During the walk, we would like to show you places related to Polish or Polish born Nobel Prize winners. We would like to talk about the relationships of individual Nobel Prize winners with Warsaw.
Warsaw’s Nobel Prize Winners:
- Maria Skłodowska-Curie, who is most connected with the capital of Poland. She was born and raised in Warsaw. Maria won two Nobel Prizes and became the first Professor in the history of the University of Sorbonne. She founded a unique family in which her husband Pierre Curie, her daughter Irene Joliot-Curie, her husband Frederic Joliot-Curie and son-in-law Henri Labouisse also received Nobel prizes in various fields.
- Władysław Reymont – actually Stanisław Władysław Rejment. In Warsaw he gained a profession and became a tailor. But thanks to his poetry he received the Nobel Prize for Literature – for the peasant novel „Chłopi”.
- Henryk Sienkiewicz – Henryk Adam Aleksander Pius Sienkiewicz, received his education in Warsaw and worked as an editor in Warsaw newspapers. As a result, he was awarded the Nobel Literary Award for lifetime achievement
- Menachem Begin – related to the University of Warsaw. He received the Nobel Peace Prize for political activity for peace in the Middle East.
- Józef Rotblat – another Nobel laureate associated with Warsaw. He received the Nobel Peace Prize in 1995 for organizing an international scholars’ movement for the elimination of weapons of mass destruction called Pegwash.
- Lech Wałęsa – Co-founder of the Solidarity movement and President of Poland, he also received the Nobel Peace Prize.

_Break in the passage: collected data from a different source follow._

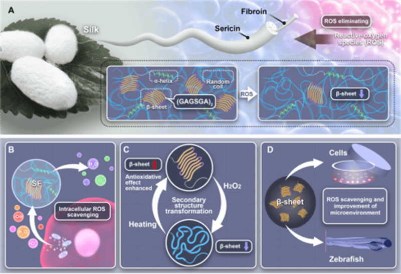 该研究团队发现丝素蛋白(silk fibroin,SF)是具有强抗氧化功能的天然生物材料,它可以清除小鼠胚胎成纤维细胞(NIH3T3细胞)和斑马鱼损伤部位过量的活性氧(文章示意图1B和D所示)。为了揭示SF抗氧化作用机制,研究团队选择了SF最具代表性的重复序列区域的十二肽GAGSGAGAGSGA来探索其抗氧化机制。经过胞内活性氧荧光探针染色、质谱、荧光光谱、圆二色光谱、衰减全反射傅里叶变换光谱等仪器分析发现,GAGSGAGAGSGA自组装成β-sheet具有清除ROS功能,被氧化后β-sheet变成Random coil结构(图1A所示)。为了增强丝素的抗氧化功能,研究团队通过加热的方式增加了SF中β-sheet结构,高温处理后的丝素抗氧化能力增强,被过氧化氢氧化后变成Random coil结构(图1C所示)。SF可以作为一种良好的抗氧化生物材料,用于降低损伤组织中氧化应激反应,加速损伤组织修复。β-sheet结构抗氧化机制的研究为新抗氧化剂开发提供了新的理论基础和新线索,为抗氧化来保护细胞将促进活性氧相关疾病的临床治疗提供新治疗思路。
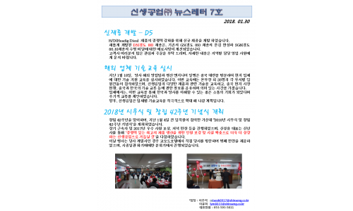 신생공업(주) 뉴스레터 7호(2018.01…
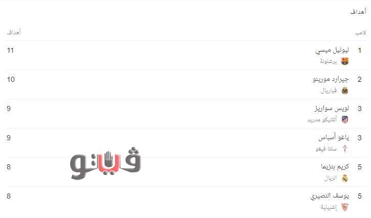 جدول ترتيب الدوري الإسباني وقائمة الهدافين

- Leonid Hurwicz – professor at many American universities, distinguished himself in economics. He lived in Warsaw and studied here at the University of Warsaw. In October 2007, Hurwicz shared the Nobel Memorial Prize in Economic Sciences with Eric Maskin and Roger Myerson. They received the awards „for having laid the foundations of mechanism design theory”. His theory today plays a major role in many areas economics and political science.
- Czesław Miłosz – also associated with Warsaw and the University of Warsaw. The poet, he received the Nobel Prize in Literature in 1980 and the Neustadt International Literary Prize – called „Little Nobel”.
Nobel Prize winners in Warsaw were not only of Polish origin but also of Jewish origin. Some lived and others stayed only temporarily in our capital or are buried in Warsaw cemeteries. During the walk, we will also present distinguished people who, thanks to their merits, were nominated for the Nobel Prize, but never got it.